Frequent Loft enough (and if you work near one, like I do, you might), and you’ll see that there is no real Loft customer. You’ll see the stay-at-home mum, the tired working woman with children, the elementary school teacher, the young professional (who works nearby), the girl who’s going to Sunday brunch. Loft — somehow — manages to do what few retailers manage to do: attract a wide demographic.
“There’s really something for everything at Loft,” Horowitz said, “that we don’t specifically target [anyone, like,] ‘we have to get the 25 to 34 year olds.’ It’s really about that connection with her at an individual level.” ‘Her’ is the Loft girl.
Loft won’t say it, but it’s been making concerted efforts to appeal to younger women — and if not, to engage the millennial woman on an amplified level. Look no further than its campaigns: the LOL Summer Movie Series curated by Whitney Cummings, a campaign with Hello Giggles, and video campaigns with Hot Mess Moves. It’s partnered with the popular food blog The New Potato, too. The brand also tapped Busy Phillips for a fall campaign, showing off that the brand isn’t uptight — it’s quirky. The campaign with Busy Phillips featured her daughter, arguably to to appeal to young mums.
The women the brand partners with, Horowitz said, are “tremendously successful, but successful in the sort of fun, optimistic [way], reaching our customer, but not selling to our customer, so to speak.”
And it’s paying off. The brand has a come a long way from being Ann Taylor’s lesser younger sister, plausibly since Austyn Zung joined the brand’s creative team 2010. Her thoughts on the brand are similar to what Horowitz explained. “LOFT is just relaxed. The clothes aren’t too constricted — they’re not too tucked-in or cinched,” Zung said to The Daily Front Row.

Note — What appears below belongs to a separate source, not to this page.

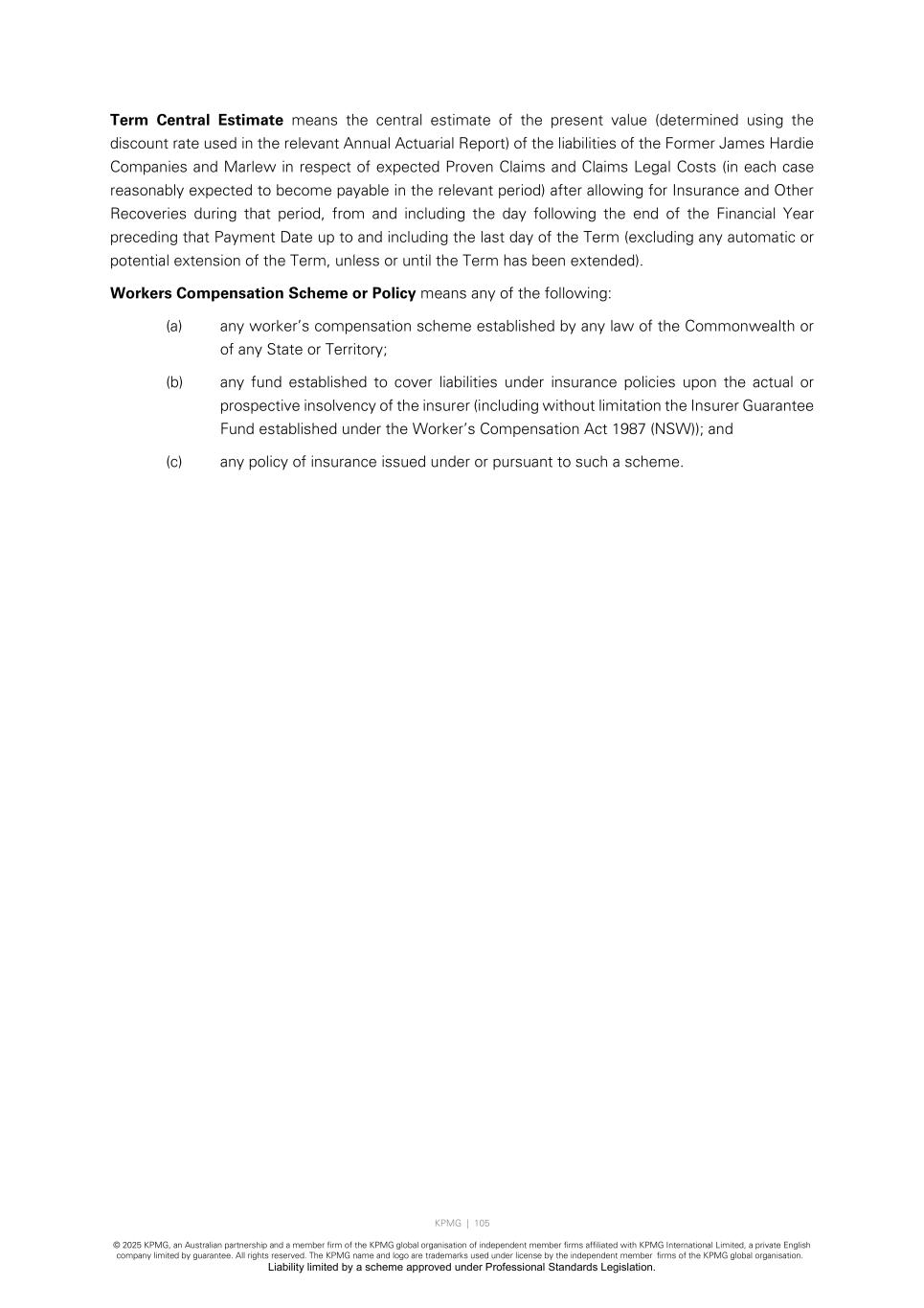 KPMG | 105 © 2025 KPMG, an Australian partnership and a member firm of the KPMG global organisation of independent member firms affiliated with KPMG International Limited, a private English company limited by guarantee. All rights reserved. The KPMG name and logo are trademarks used under license by the independent member firms of the KPMG global organisation. Liability limited by a scheme approved under Professional Standards Legislation. Term Central Estimate means the central estimate of the present value (determined using the discount rate used in the relevant Annual Actuarial Report) of the liabilities of the Former James Hardie Companies and Marlew in respect of expected Proven Claims and Claims Legal Costs (in each case reasonably expected to become payable in the relevant period) after allowing for Insurance and Other Recoveries during that period, from and including the day following the end of the Financial Year preceding that Payment Date up to and including the last day of the Term (excluding any automatic or potential extension of the Term, unless or until the Term has been extended). Workers Compensation Scheme or Policy means any of the following: (a) any worker’s compensation scheme established by any law of the Commonwealth or of any State or Territory; (b) any fund established to cover liabilities under insurance policies upon the actual or prospective insolvency of the insurer (including without limitation the Insurer Guarantee Fund established under the Worker’s Compensation Act 1987 (NSW)); and (c) any policy of insurance issued under or pursuant to such a scheme.

These efforts solidified themselves when Lena Dunham boasted how she wore a Loft outfit for three days in a row. She posted it on Instagram, claiming that it was also time for her to stop making jokes about Ann Taylor.

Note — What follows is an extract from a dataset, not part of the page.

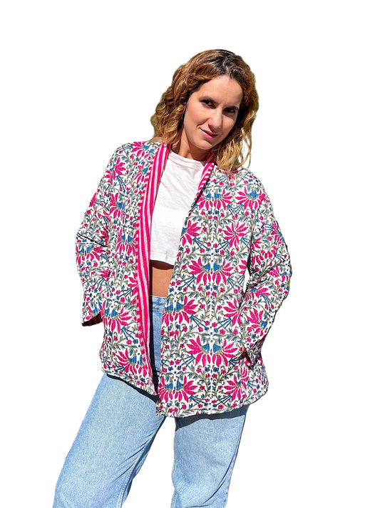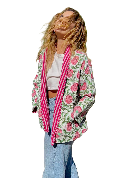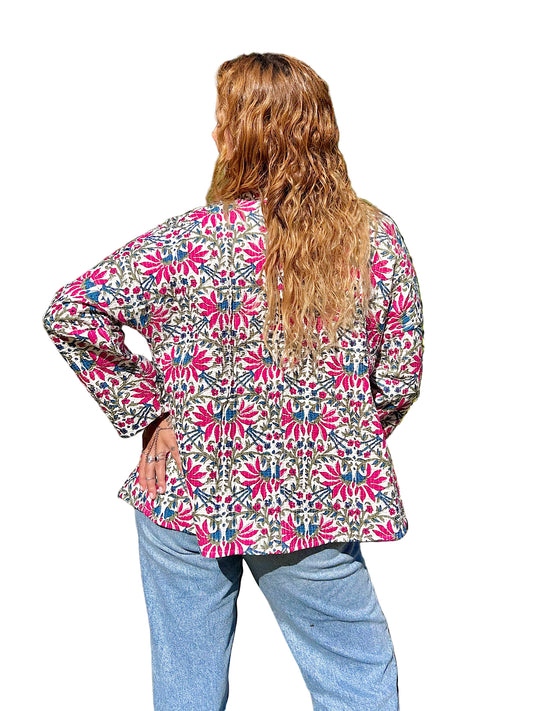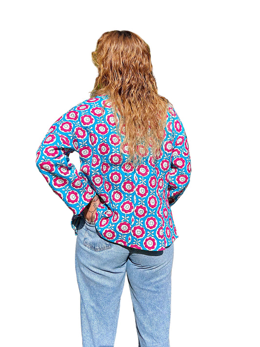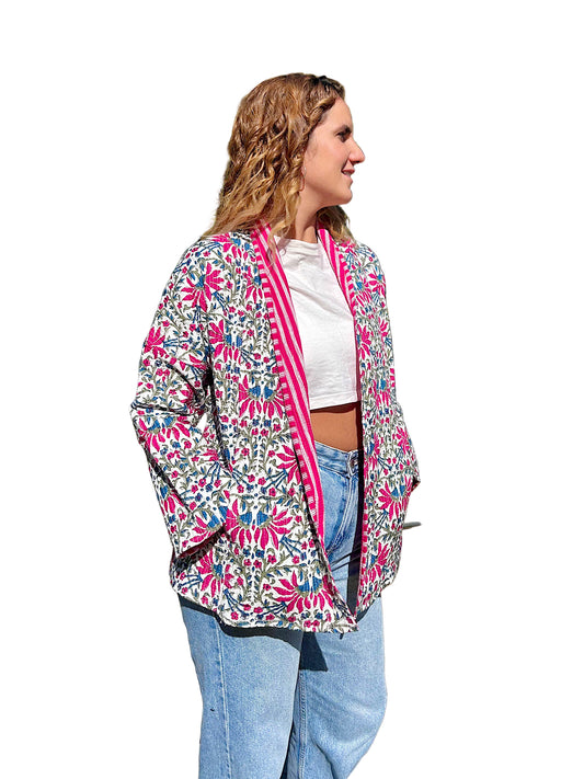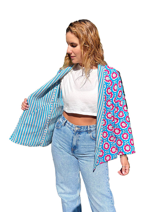 Pink and Blue Floral Block Printed Cotton Wrap Reversible Jacket

This speaks volumes about Loft. “We get the joke,” Horowitz said. “And we don’t take ourselves so seriously. And the irony is that … Lena loves our clothes!”
But also, the joke still exists, in part because the brand is still partially prone to ridicule.

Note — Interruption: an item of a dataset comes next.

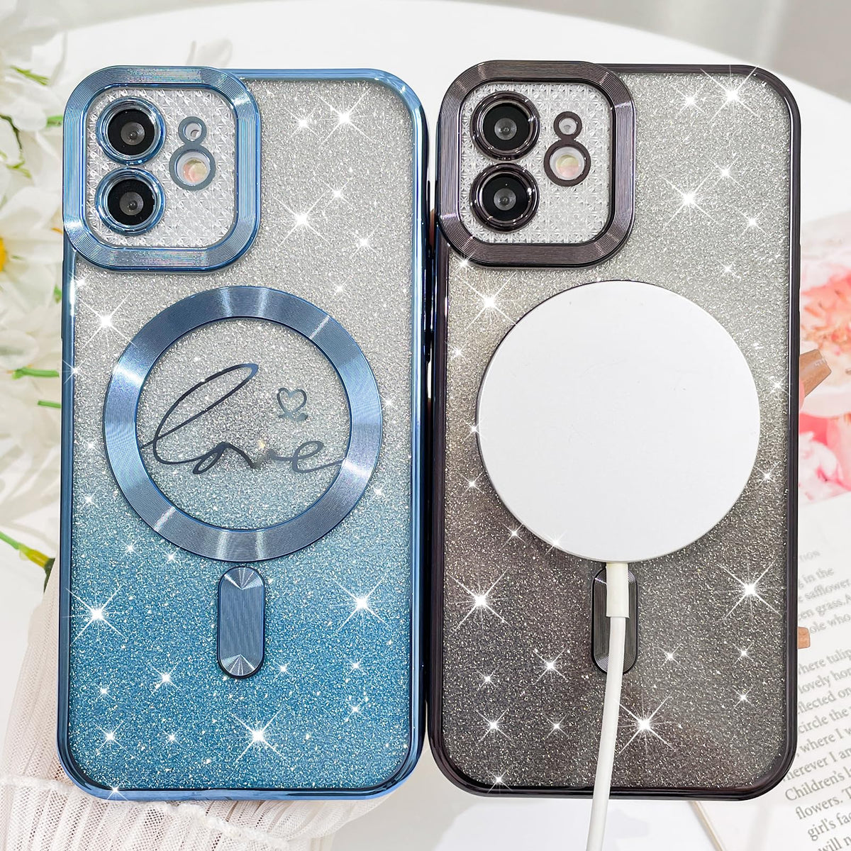 Fiyart Designed For Iphone 11 Case,Compatible With Magsafe Love Heart Plating Camera Protection Clear Phone Case, Magnetic Glitt

Loft may no longer be Ann Taylor’s lesser sister, but she still as a way to go before everyone sees her as cool. But Horowitz believes that if those naysayers get to know what Loft is really about, they might change their minds.
“I think a lot of people don’t realise what Loft is about, how multifaceted it is, and it’s more than just … how some of the people have perceived us,” Horowitz said.
And maybe some girls might be hesitant about converting to a brand that is sometimes subject to mockery, but what girl wouldn’t want to have a good job, enjoy her life, and the opportunity to reject the idea that she has to dress sexy all the time?
In that sense, Loft has hit the nail on the head of a particular demographic of women. It may not be representative of every girl, but there is a group of girls who are sitting back and relaxing and then going to bed by 10 p.m. They’re enjoying their turtlenecks, boyfriend jeans, and maxi dresses, and they’re probably laughing about how they’re glad they’re not dressed for the club.